Balsam Al-Ayoub: Cut and Thrust for Multi-talented Philanthropist

Balsam Al-Ayoub Kuwait Olympian and international fencing champion

Balsam Al-Ayoub: Kuwait Olympian and international fencing champion. Photo credit:

Balsam Al-Ayoub has been fighting for Kuwait — and gender equality — since she was a child.

Al-Ayoub’s parents encouraged her and her sister, Lulwa, to get involved in sports at an early age. The sisters gravitated towards fencing, even though there was little opportunity for girls in the Gulf region. At the time, there was only one general sports club for females, but the outlook has improved.

Al-Ayoub — who defines fencing as a “noble, elite and classy” sport — says the discipline chose her at age 16. “I had to prove that I can practise a sport which had been exclusive for men in Kuwait for years. To be a fencer means you have to be a fighter, a warrior, a dreamer, an achiever, a believer, a supporter and a champion. It’s not only about the support you get from those who believe in you, but also the greatness of being a role model, or an influencer, in your society. I take a lot of pride watching my positive influence transferred to the young generation,” she told The Talk magazine.

She finally gained admission as a professional athlete in the Kuwait Sports Club. The government-sponsored organisation abandoned its gender exclusion — and she and her sister went on to win several international competitions. “I am a professional athlete representing Kuwait around the world,” said Al-Ayoub, “and I am also a mother.” She enjoys the reactions this statement provokes.

Al-Ayoub spoke with Gulf News in 2010, around the time she left the state-sponsored club to secure private-sector endorsements. She competed across Europe, Asia and the MENA region, averaging 10 to 12 events annually over a five-year stretch.
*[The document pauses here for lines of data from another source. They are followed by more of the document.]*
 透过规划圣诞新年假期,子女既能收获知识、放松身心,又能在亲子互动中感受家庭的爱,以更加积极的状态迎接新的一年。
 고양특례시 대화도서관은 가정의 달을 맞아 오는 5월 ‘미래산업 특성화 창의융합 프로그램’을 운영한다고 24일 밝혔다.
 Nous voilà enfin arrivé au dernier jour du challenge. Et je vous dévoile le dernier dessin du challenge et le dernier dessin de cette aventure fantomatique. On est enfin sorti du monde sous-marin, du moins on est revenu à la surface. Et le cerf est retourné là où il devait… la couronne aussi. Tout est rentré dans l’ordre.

Both sisters are considered role models for their athletic accomplishments — silver for Balsam in the Asian Games and bronze for Lulwa in the World Cup — as well as their social activism. “We respect traditions and don’t break the frame despite stretching it at times. And for the past 15 years we have managed to make our voices heard through sport.”

Al-Ayoub introduced self-defence as part of her sports, cultural and developmental programme, Be Strong, to support the UN’s global campaign to end violence against women and girls. Thousands have participated in the course. Her other pilot programme, A Champion Among Us, began as a platform to advocate for equal sporting rights for girls and has evolved into co-ed programme teaching children to use sports as a tool for personal and societal development.
“We are using sport as a medium for change on the perception of women by society at large, and I must say we have been successful to a large extent,” said Al-Ayoub. “We are just trying to do what we can in our own small way. There is no traditional law or religion that can bar or prohibit women from taking their place in society.”
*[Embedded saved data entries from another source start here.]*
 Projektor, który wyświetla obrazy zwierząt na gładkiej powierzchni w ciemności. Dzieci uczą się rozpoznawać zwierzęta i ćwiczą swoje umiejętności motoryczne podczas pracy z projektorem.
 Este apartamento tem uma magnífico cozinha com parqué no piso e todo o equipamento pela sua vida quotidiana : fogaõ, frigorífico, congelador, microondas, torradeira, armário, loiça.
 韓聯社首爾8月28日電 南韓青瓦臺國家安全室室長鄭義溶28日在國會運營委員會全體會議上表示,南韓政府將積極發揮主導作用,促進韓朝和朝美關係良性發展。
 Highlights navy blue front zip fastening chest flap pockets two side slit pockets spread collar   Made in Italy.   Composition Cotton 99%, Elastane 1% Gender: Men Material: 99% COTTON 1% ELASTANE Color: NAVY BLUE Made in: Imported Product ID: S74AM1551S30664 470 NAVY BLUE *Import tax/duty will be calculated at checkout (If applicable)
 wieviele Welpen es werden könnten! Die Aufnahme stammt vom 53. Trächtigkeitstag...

Athletic apparel, on the other hand, can be a barrier for sportswomen in more conservative cultures. Al-Ayoub struggled to find outfits that would be considered suitably modest, and finally decided to make her own. Her mother, Fatima Al Omani, was a seamstress who taught her to convert fabric into fashion; now 90 percent of her wardrobe comes from her own hands.

“I designed the entire range of costumes for a fencing competition that I organised for women,” said the woman who was named by Harper’s Bazaar as Kuwait’s Best Dressed Woman in 2017.
After retiring from professional sports, Al-Ayoub launched her fashion label, Balsam Studio, and has gained a following eager to see each new season’s collection. Unlike most designers, Al-Ayoub’s work is generally related to a social cause. Profits from her premier collection, titled Sewing the Wounds, supported the anti-violence work done by the non-profit Abolish 153.
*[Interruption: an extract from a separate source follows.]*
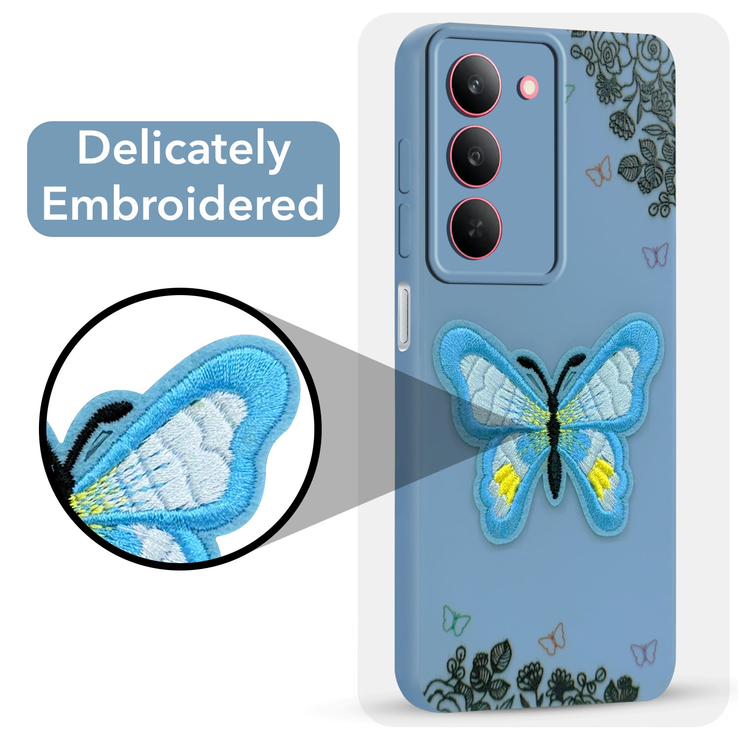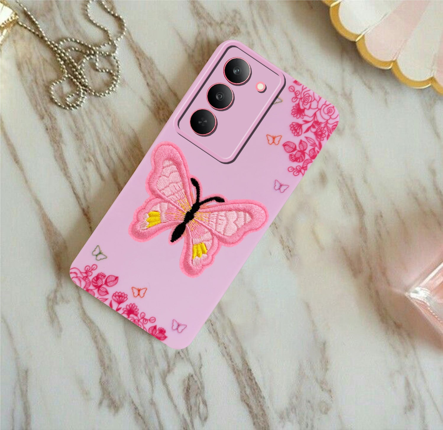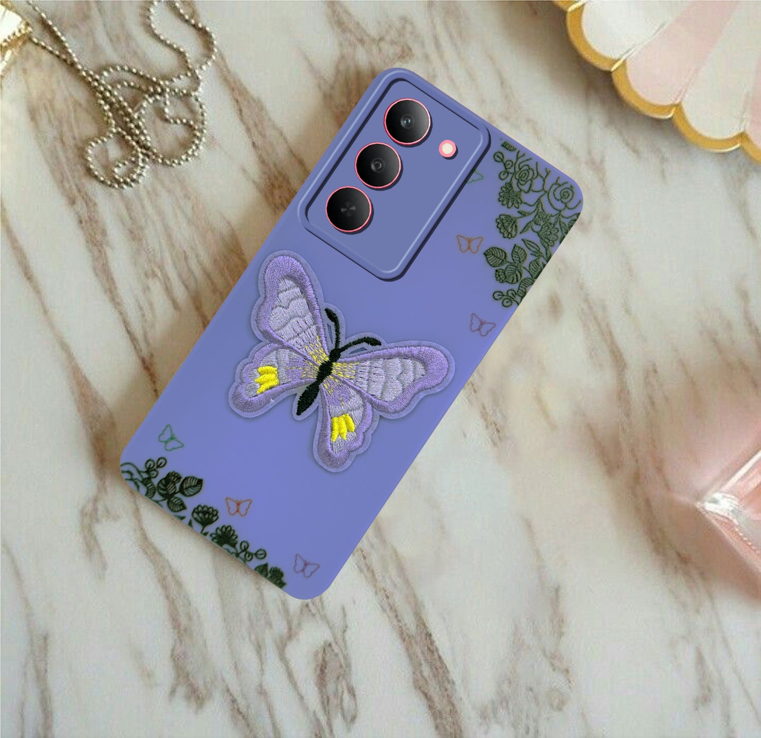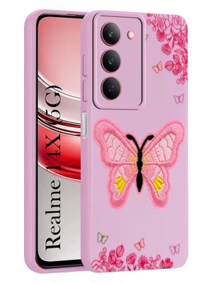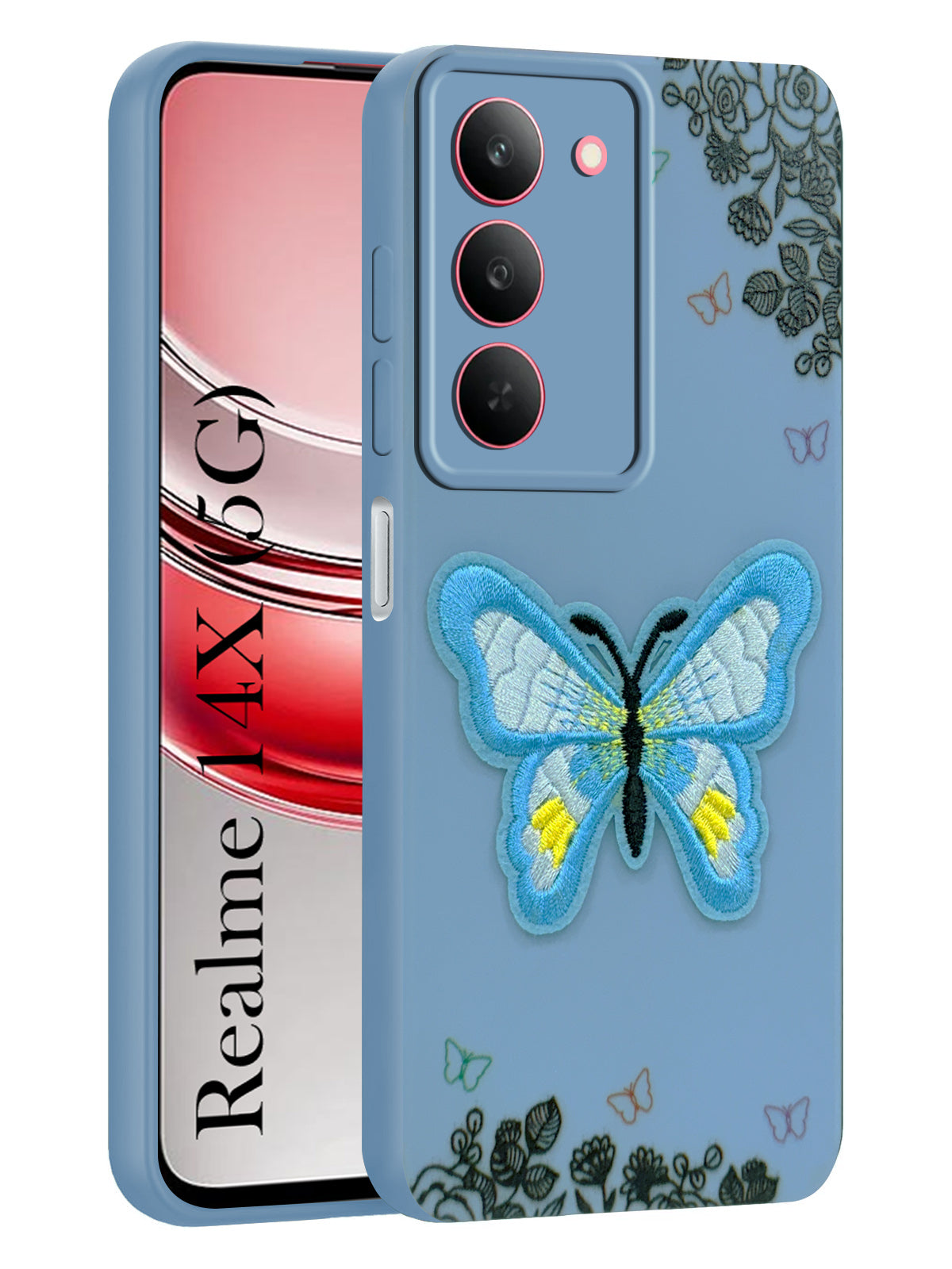 For Realme 14X Back Cover Case (Soft Butterfly Embroidery | Women Teen Girls | Camera Protection| Matte Silicone)
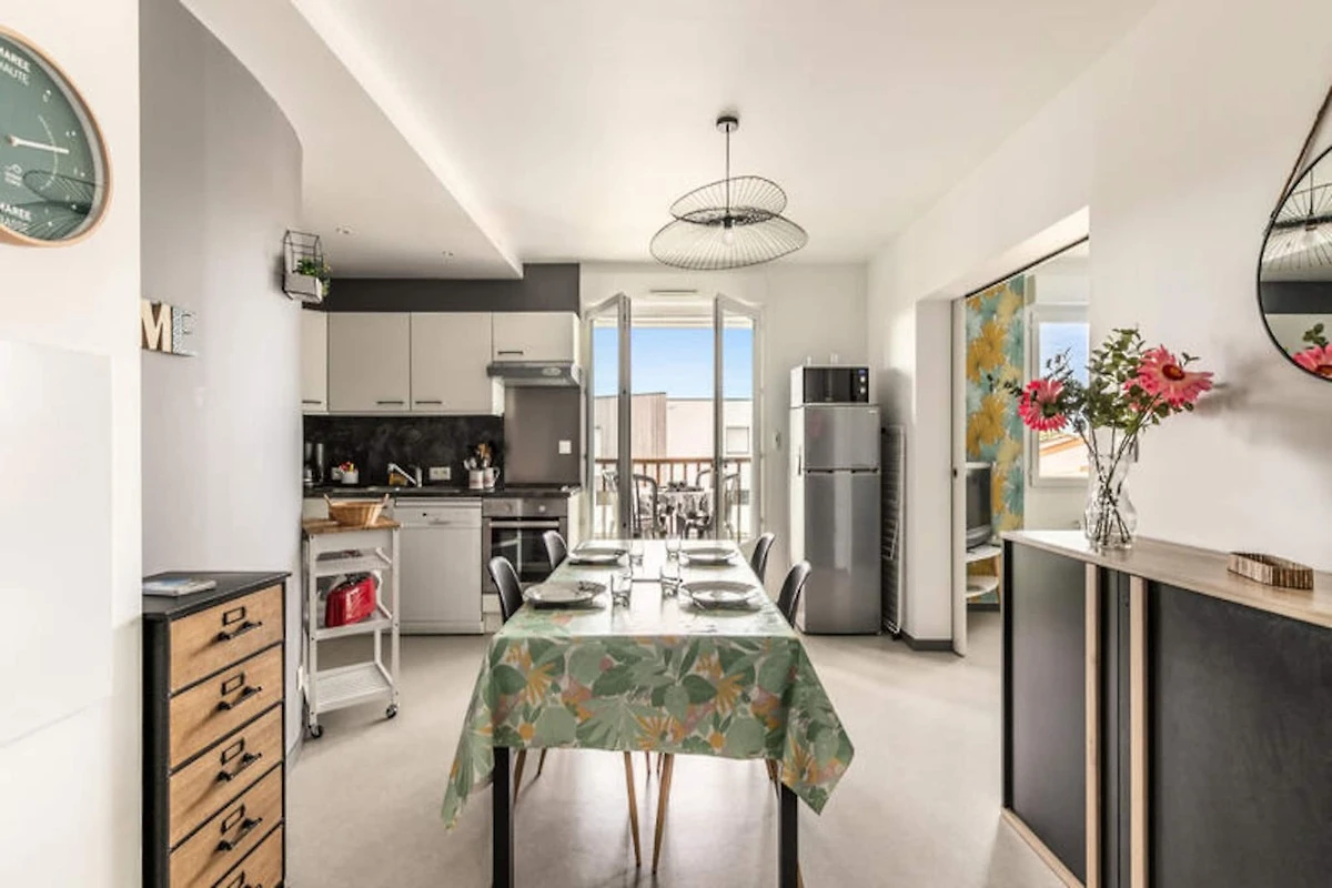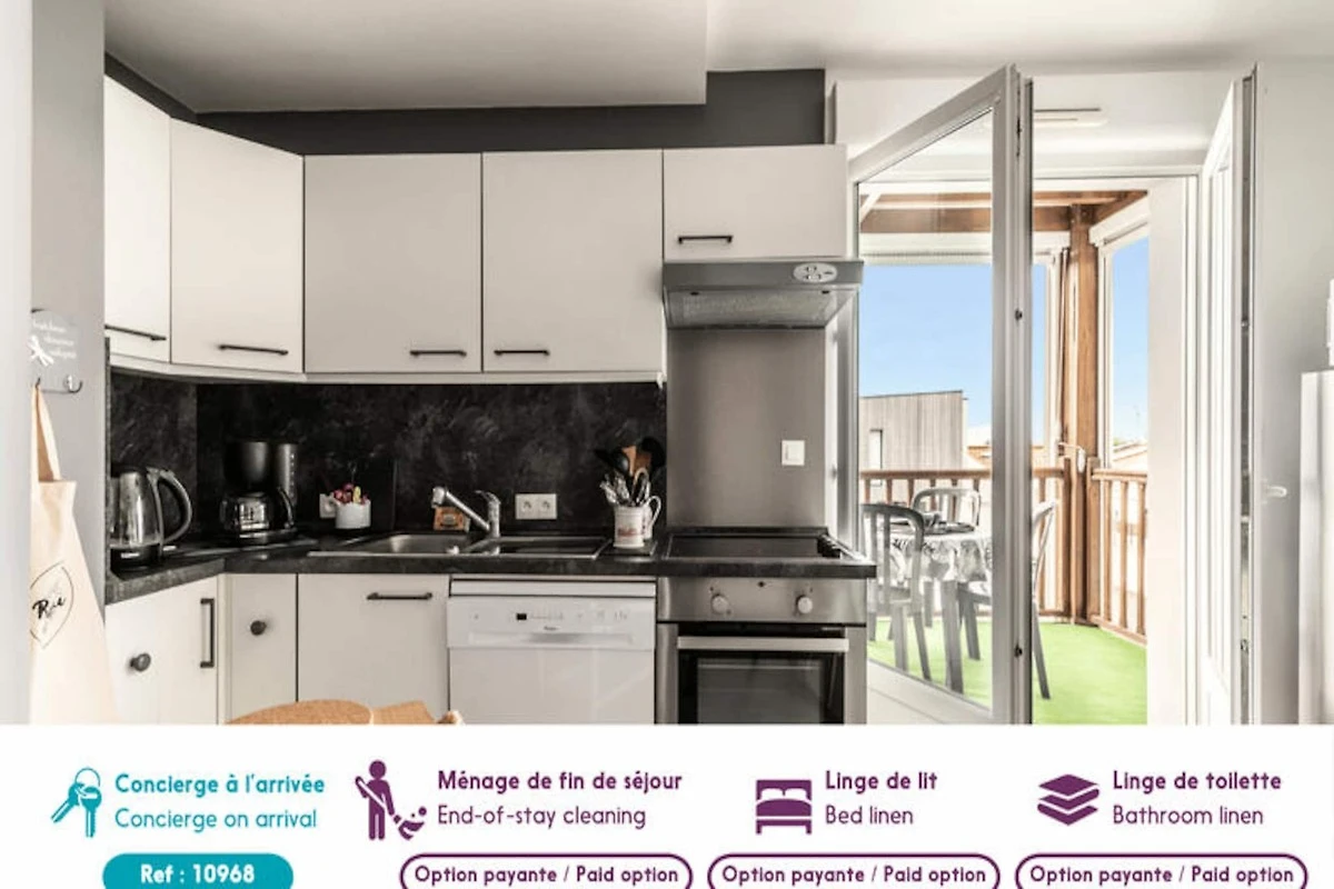 An der sonnenverwöhnten Küste der Vendée, wo die Atlantikbrise den Duft des Meeres herüberweht, lädt dieses frisch renovierte Apartment zu einem erholsamen Aufenthalt ein. Die 48 m² große Oase vereint modernen Komfort mit maritimem Charme und ist ideal für Familien oder Freunde, die eine Auszeit suchen. Erwachen Sie im ruhigen Schlafzimmer mit Queensize-Bett oder entspannen Sie im stilvollen Wohnzimmer mit Doppelschlafsofa und minimalistischer Einrichtung. Die offene Küche, komplett ausgestattet mit Cerankochfeld und Geschirrspüler, macht die Zubereitung von Mahlzeiten zum Vergnügen, während der geräumige Balkon der perfekte Ort ist, um bei einer Tasse Kaffee die Morgensonne zu genießen. Ein Außenstellplatz sorgt für Komfort, und dank der erstklassigen Lage des Apartments können Sie die Umgebung bequem zu Fuß, mit dem Fahrrad oder über die nahegelegene Bushaltestelle erkunden. Nur 1 km entfernt lockt der weitläufige Sandstrand Grande Plage zu einem entspannten Tag, und Restaurants wie L’Entracte und Jules & John versprechen kulinarische Genüsse in fußläufiger Entfernung. Golfliebhaber können den nahegelegenen Bluegreen-Golfplatz genießen, und die lebhaften Kais von Saint-Gilles-Croix-de-Vie erwachen mit Straßenkünstlern, Nachtmärkten und einladenden Terrassen zum Leben. Radwege schlängeln sich durch Dünen und Pinienwälder und bieten atemberaubende Ausblicke und erholsame Touren. Für einen Hauch Geschichte und Abenteuer ist der berühmte Freizeitpark Le Puy du Fou nur gut eine Autostunde entfernt. Saint-Gilles-Croix-de-Vie ist eine Stadt voller Überraschungen – von den Label-Rouge-Sardinen über den geschäftigen Yachthafen bis hin zu den farbenfrohen Märkten mit regionalen Produkten. Ob Sie an den Kais entlangspazieren oder das Küstenflair genießen, dieses einladende Reiseziel verspricht unvergessliche Momente. Dank des Concierge-Services während Ihres gesamten Aufenthalts wird sich um jedes Detail gekümmert, sodass Sie einen reibungslosen und angenehmen Urlaub genießen können. Lassen Sie sich von der Küste der Vendée für Ihren nächsten Urlaub inspirieren.

“I introduced my brand to the women community in Kuwait by connecting it to a cause that affects women in a very personal way.”

Al-Ayoub took part in a documentary-making course, which coincided with a philanthropic tour to teach football and badminton to children across Africa. She was featured in a documentary series (Her Story) about the trials and triumphs of female athletes.

Balsam and Lulwa Al-Ayoub were recognised for their outstanding social entrepreneurism by the Ashoka Fellowship in 2009.